W ostatnich miesiącach media nieustannie przynoszą informacje o śmierci małych dzieci oraz skrajnie nieodpowiedzialnym zachowaniu rodziców, którzy są gotowi zostawić je na lotnisku byle tylko wyjechać na wakacje. To dobrze, że wywiązała się dyskusja, co można zrobić, aby zapobiegać takim zdarzeniom, szkoda tylko, że najczęściej sprowadza się ona do wskazania winnych.
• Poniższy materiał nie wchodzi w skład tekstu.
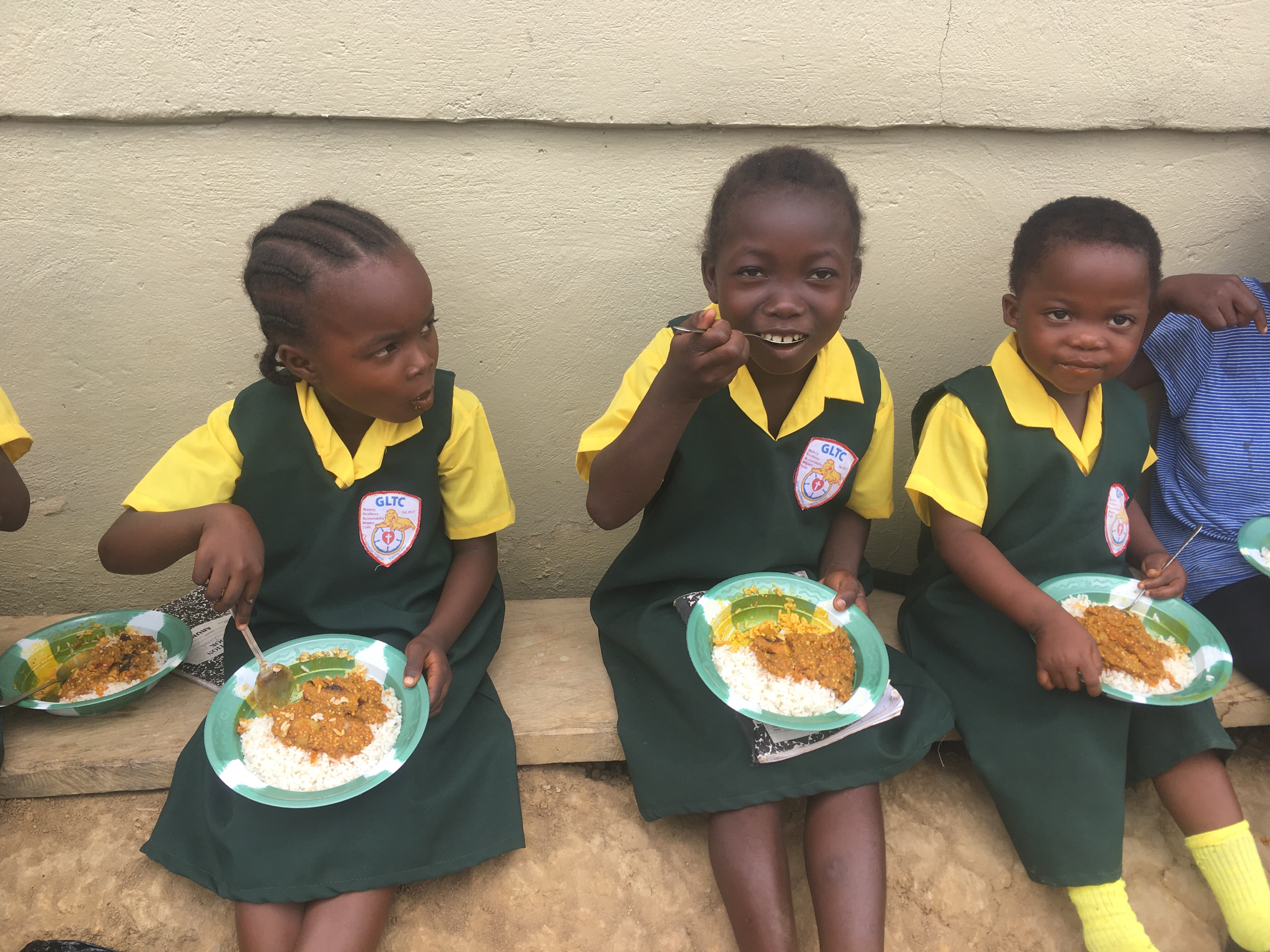 The girls below are enjoying a meal of bitterball soup over rice…don’t you just love their little green jumpers!

Na pierwszy ogień poszła pomoc społeczna, której jak zwykle nie ma, gdy jest potrzebna. Tymczasem włożenie pracowników socjalnych w buty funkcjonariuszy czy strażników rodzin, którzy mają całą dobę monitorować i sprawdzać, czy rodzic, który składa wniosek o zasiłek na dziecko, chce wyłudzić pieniądze, jest nieporozumieniem. Zresztą te same osoby, krytykują działalność niemieckich Jugendamtów i oburza ich to, że ustawa o przeciwdziałaniu przemocy w rodzinie daje pracownikom socjalnym możliwość zabrania bitego dziecka z domu.
Teraz do grupy winnych dołączył rzecznik praw dziecka, który rzekomo nie staje w obronie dzieci i nie interweniuje, gdy maluchom dzieje się krzywda. Wystarczy jednak przyjrzeć się ustawowym uprawnieniom rzecznika, budżetowi jego biura i liczbie pracowników, by wiedzieć, że nie będzie działał jak szeryf na Dzikim Zachodzie, a jego interwencje wymagają przede wszystkim biurokratycznej pracy.
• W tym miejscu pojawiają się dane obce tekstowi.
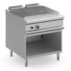 Nas versões com acionamento elétrico, a placa de cozimento é única, mas possui 4 zonas de cozimento com controle independente
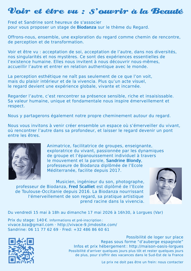 Prochain stage du 15 (au soir) au 17 mai 2026 : animé par Sandrine Blondy et Fred Scalliet
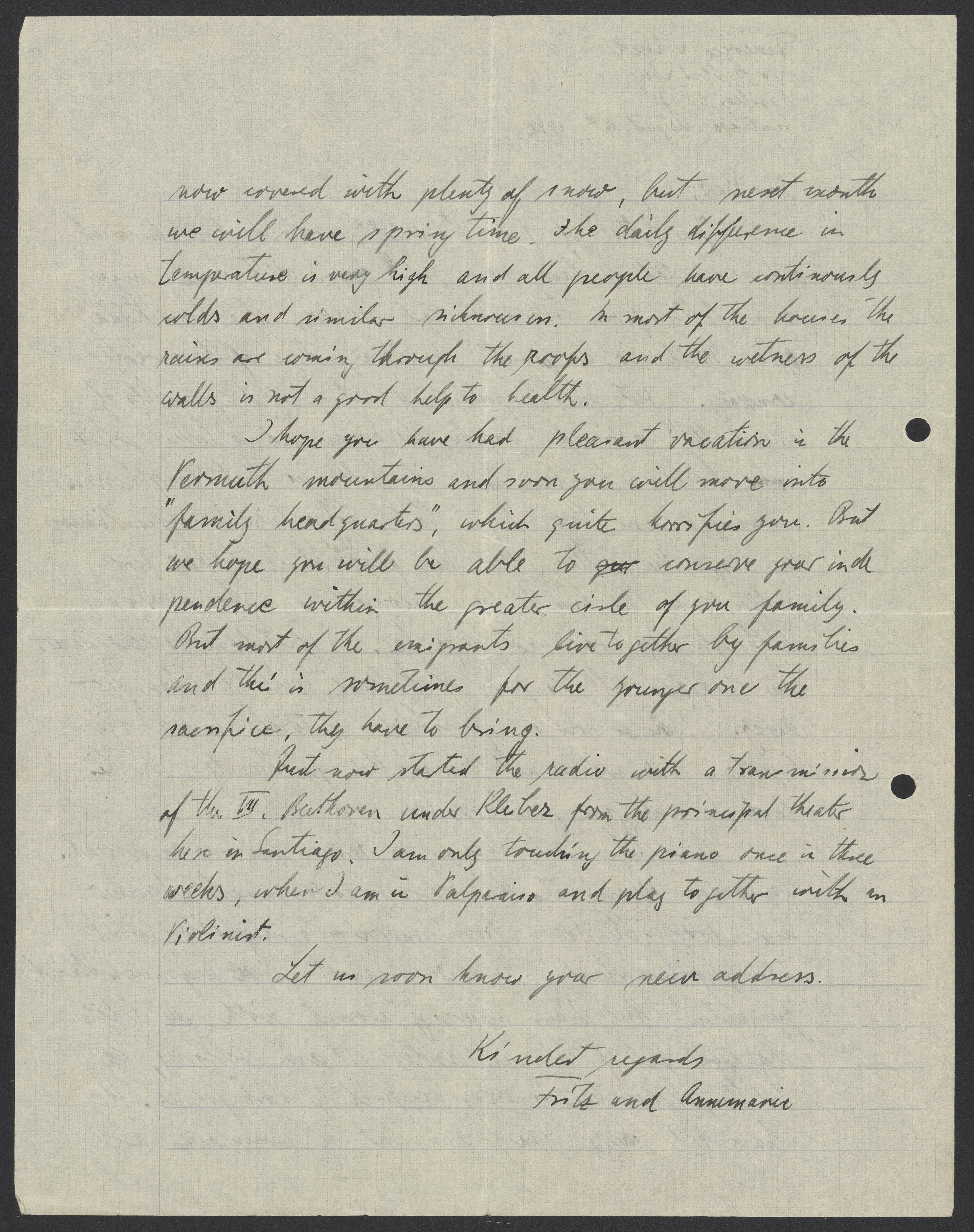 Just now started the radio with a transmission of the III Beethoven under Kleiber from the principal theater here in Santiago. I am only touching the piano once in three weeks, when I am in Valparaiso and play together with an Violinist.

Zanim więc nagonka na winnych się rozwinie i pojawią się kolejne chybione pomysły, takie jak tworzenie centralnego rejestru dzieci, warto podkreślić, że zdecydowana większość rodziców dobrze spełnia się w swojej roli. To, że do mediów trafiają najbardziej drastyczne przypadki, potwierdza tylko fakt, że najlepiej sprzedaje się zła informacja. Choćby więc rzecznik praw dziecka i organizacje pozarządowe przeprowadziły tysiące kampanii edukacyjnych i promujących dobre rodzicielstwo, co zresztą z dobrymi skutkami robią, to nigdy nie wzbudzą takiego zainteresowania jak historia Madzi z Sosnowca.